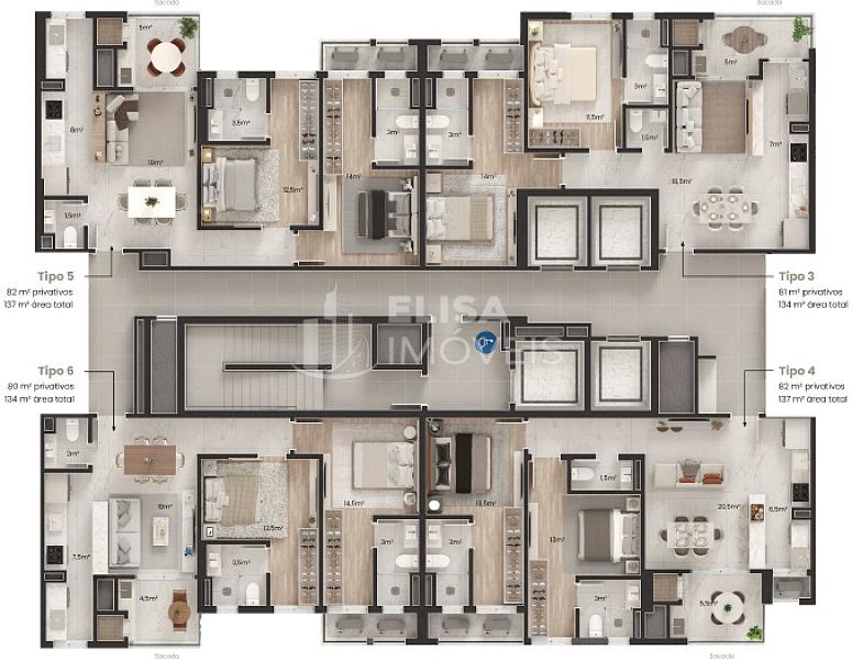 • Tipo 03 e 06 | 134.00m² de Área Total, 80.00m² Privativos | 02 Suítes + Sacada c/Churrasqueira + Living + Lavabo + Área de Serviço
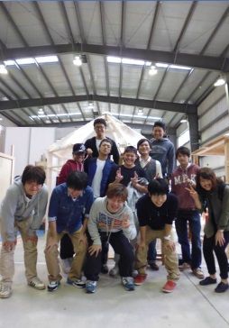 太陽の光であふれる明るい空間を目指して計画し17人のメンバーと先生の助けを借りながら完成した この『光の入る家』。まずはこの形。日本工学院八王子校ということ、かわいいぱっちいの家ということ。この二つのことを踏まえて"八"王子の八角形で存在感のあるデザインになっています。第一のテーマでもある"光"をふんだんに取り込む目的で、屋根・外壁部材には波板を用いています。半透明のスタンダードなものですが太陽の光もしっかり入り、身近で親しみのある部材です。当初壁の上下には室内にこもった熱を逃がし、通気をよくするための空気の出入り口と波板で覆われたデザインのアクセントとしてルーバーを備える設計をしていましたが思うようにいきませんでした。結局、通気に関しては波板と直線材のおさまりから自然と風の流れが発生することが分かったので、この問題点は解消しました。制作をしていく中で知識や技術だけでなく、作業配分、お金の見積もりなど色々な場面で悩みながらも、初めて自分たちで一つの建物を造り上げたことに達成感と建築の楽しさ・難しさを身をもって知ることができました。
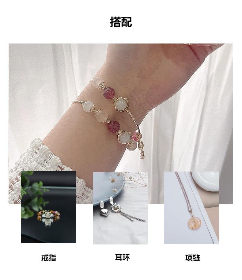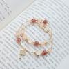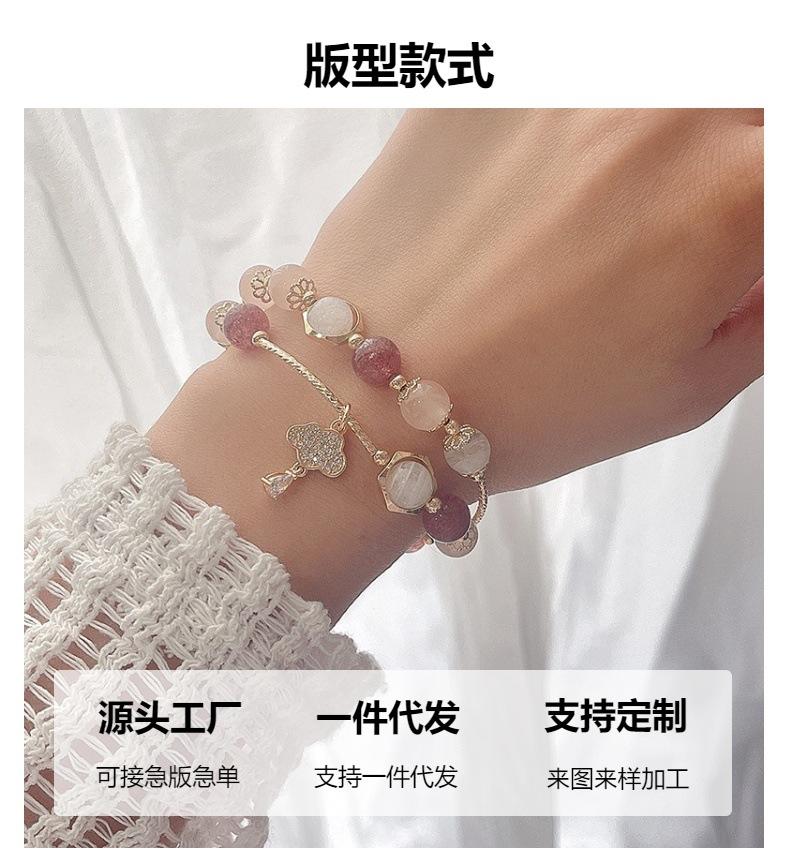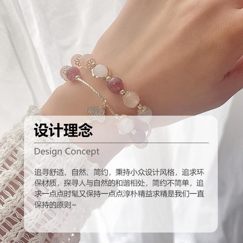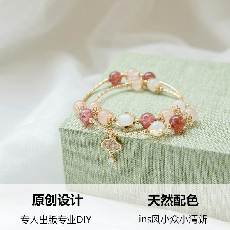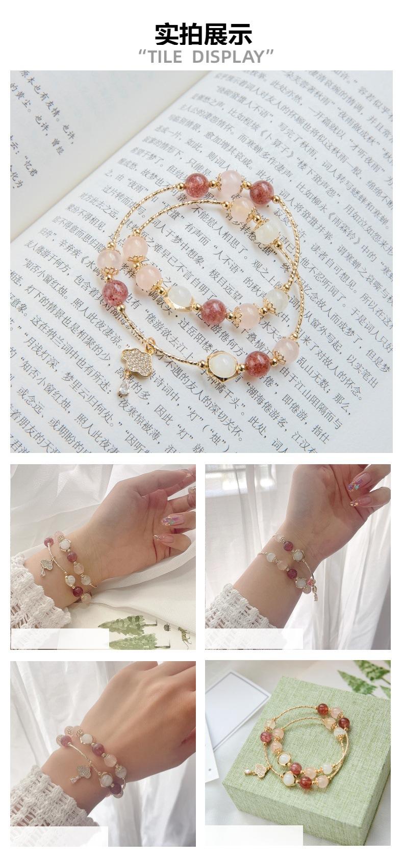 Diseño Original Natural Sansheng Pulsera de Cristal de Fresa Tricolor Femenina Estilo Hada Transmisión en Vivo Popular Pulsera de Cristal Rosa
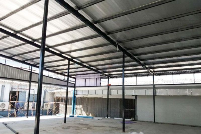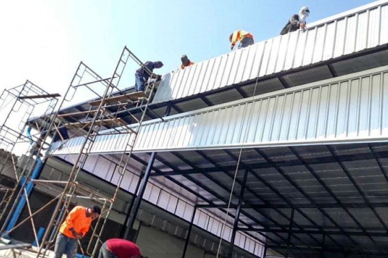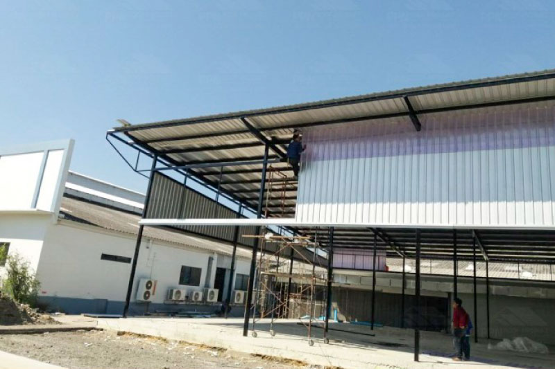 งานติดตั้งแผ่นหลังคาชนิดอลูซิงค์ ความหนา 0.40 มม (เหล็กบลูสโคป) ติดฉนวนกันความร้อน PU Foam ความหนา 1 นิ้ว และปิดทับด้วยอลูมิเนียมฟอยล์
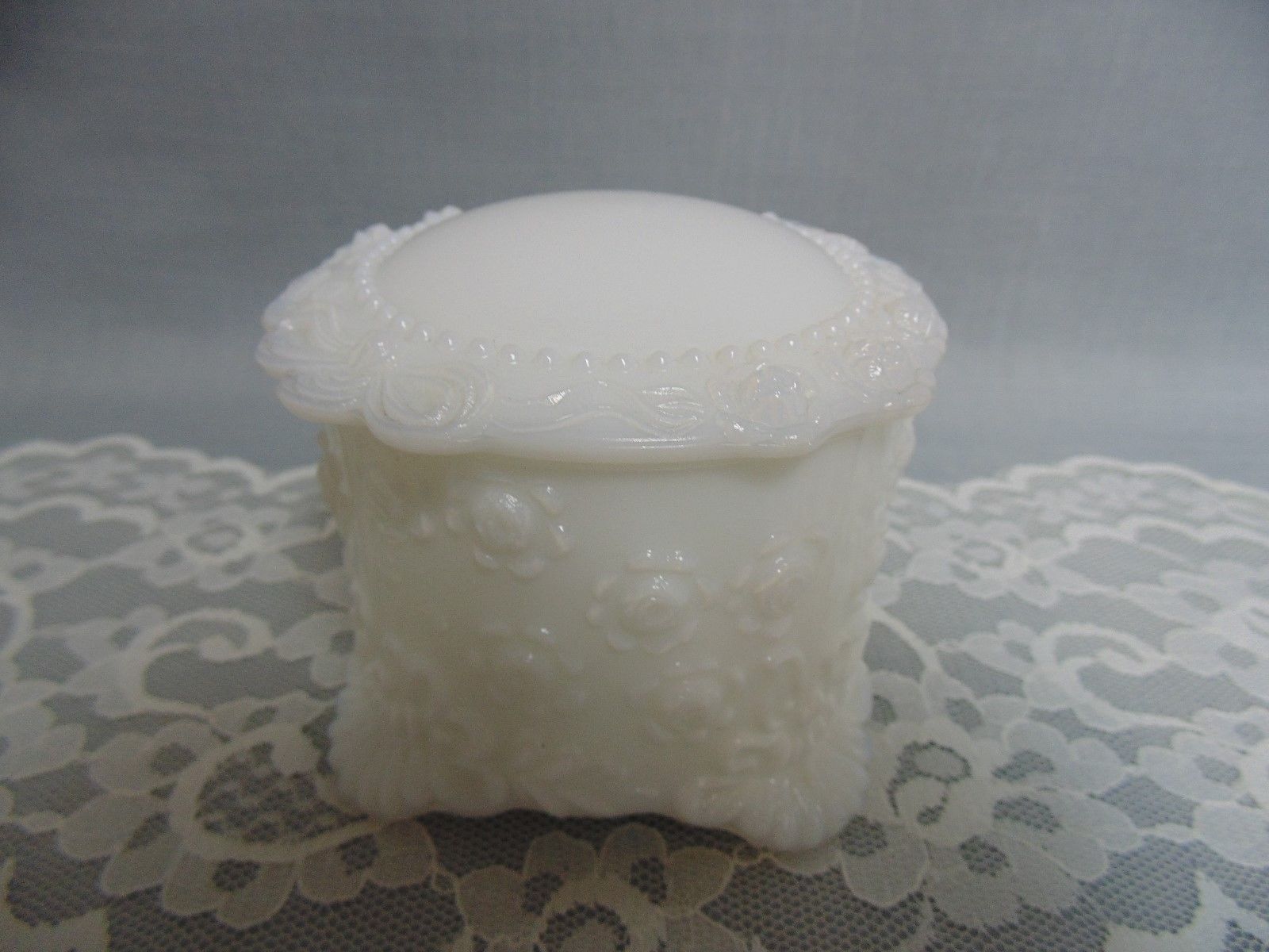 Vintage Milkglass Dresser Jar Roses Bows Marked K
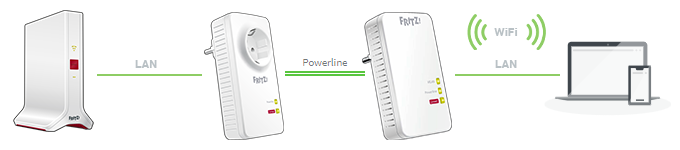 • it is possible to establish a LAN connection to the FRITZ!Repeater from where the FRITZ!Powerline device is being used, for example using the existing cabling in your home.
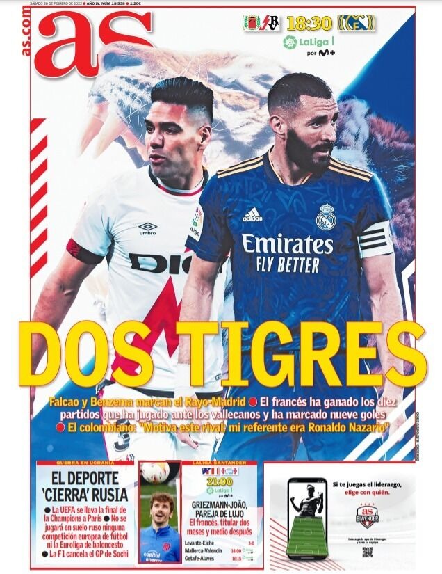 سلطت الصحيفة الضوء على مواجهة بنزيما وفالكاو في لقاء ريال مدريد ورايو فاليكانو، حيث قالت في غلافها: اثنين من النمور.. بنزيما حقق الفوز بالعشر مباريات التي لعبها ضد رايو فايكانو، كما أن فالكاو لديه حافز بالمباريات الكبيرة.
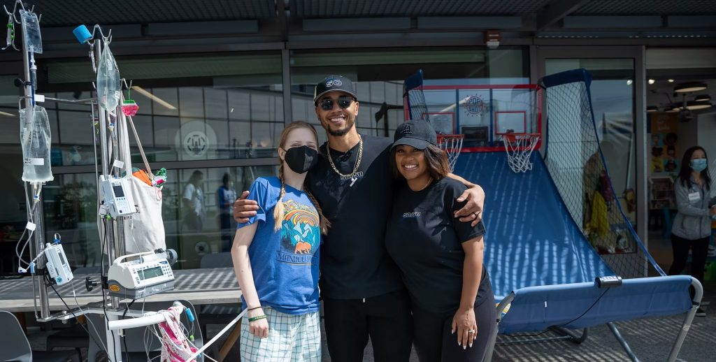 Mookie Betts y su esposa Brianna (centro) en la Fundación 5050.
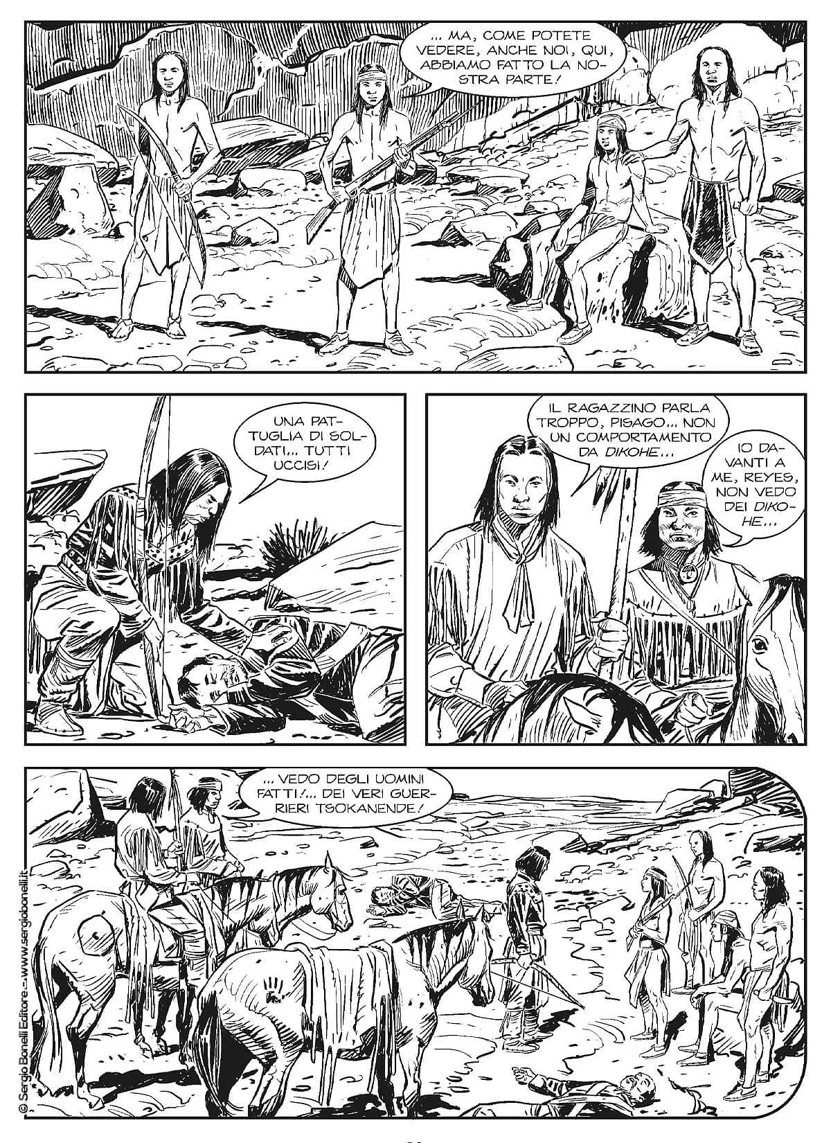 Come racconta al giovane figlio Tahzay, Cochise è cresciuto tra guerre e massacri, dimostrando il proprio valore, ma acquistando saggezza. Ora desidera solo la pace e il suo unico rimpianto è quello di non aver mai potuto vendicare il padre, vilmente assassinato da un traditore. Mentre, all’insaputa di Cochise, un gioco beffardo del destino sta per trascinare i Chiricahuas nella loro prima grande guerra contro gli Stati Uniti, Tex s’imbatte nella pista di un misterioso assassino…

■ Task objective: Set down all of the entries exactly as they appear, but keep the images out.

■ Reply:
 • Tipo 03 e 06 | 134.00m² de Área Total, 80.00m² Privativos | 02 Suítes + Sacada c/Churrasqueira + Living + Lavabo + Área de Serviço
 太陽の光であふれる明るい空間を目指して計画し17人のメンバーと先生の助けを借りながら完成した この『光の入る家』。まずはこの形。日本工学院八王子校ということ、かわいいぱっちいの家ということ。この二つのことを踏まえて"八"王子の八角形で存在感のあるデザインになっています。第一のテーマでもある"光"をふんだんに取り込む目的で、屋根・外壁部材には波板を用いています。半透明のスタンダードなものですが太陽の光もしっかり入り、身近で親しみのある部材です。当初壁の上下には室内にこもった熱を逃がし、通気をよくするための空気の出入り口と波板で覆われたデザインのアクセントとしてルーバーを備える設計をしていましたが思うようにいきませんでした。結局、通気に関しては波板と直線材のおさまりから自然と風の流れが発生することが分かったので、この問題点は解消しました。制作をしていく中で知識や技術だけでなく、作業配分、お金の見積もりなど色々な場面で悩みながらも、初めて自分たちで一つの建物を造り上げたことに達成感と建築の楽しさ・難しさを身をもって知ることができました。
 Diseño Original Natural Sansheng Pulsera de Cristal de Fresa Tricolor Femenina Estilo Hada Transmisión en Vivo Popular Pulsera de Cristal Rosa
 งานติดตั้งแผ่นหลังคาชนิดอลูซิงค์ ความหนา 0.40 มม (เหล็กบลูสโคป) ติดฉนวนกันความร้อน PU Foam ความหนา 1 นิ้ว และปิดทับด้วยอลูมิเนียมฟอยล์
 Vintage Milkglass Dresser Jar Roses Bows Marked K
 • it is possible to establish a LAN connection to the FRITZ!Repeater from where the FRITZ!Powerline device is being used, for example using the existing cabling in your home.
 سلطت الصحيفة الضوء على مواجهة بنزيما وفالكاو في لقاء ريال مدريد ورايو فاليكانو، حيث قالت في غلافها: اثنين من النمور.. بنزيما حقق الفوز بالعشر مباريات التي لعبها ضد رايو فايكانو، كما أن فالكاو لديه حافز بالمباريات الكبيرة.
 Mookie Betts y su esposa Brianna (centro) en la Fundación 5050.
 Come racconta al giovane figlio Tahzay, Cochise è cresciuto tra guerre e massacri, dimostrando il proprio valore, ma acquistando saggezza. Ora desidera solo la pace e il suo unico rimpianto è quello di non aver mai potuto vendicare il padre, vilmente assassinato da un traditore. Mentre, all’insaputa di Cochise, un gioco beffardo del destino sta per trascinare i Chiricahuas nella loro prima grande guerra contro gli Stati Uniti, Tex s’imbatte nella pista di un misterioso assassino…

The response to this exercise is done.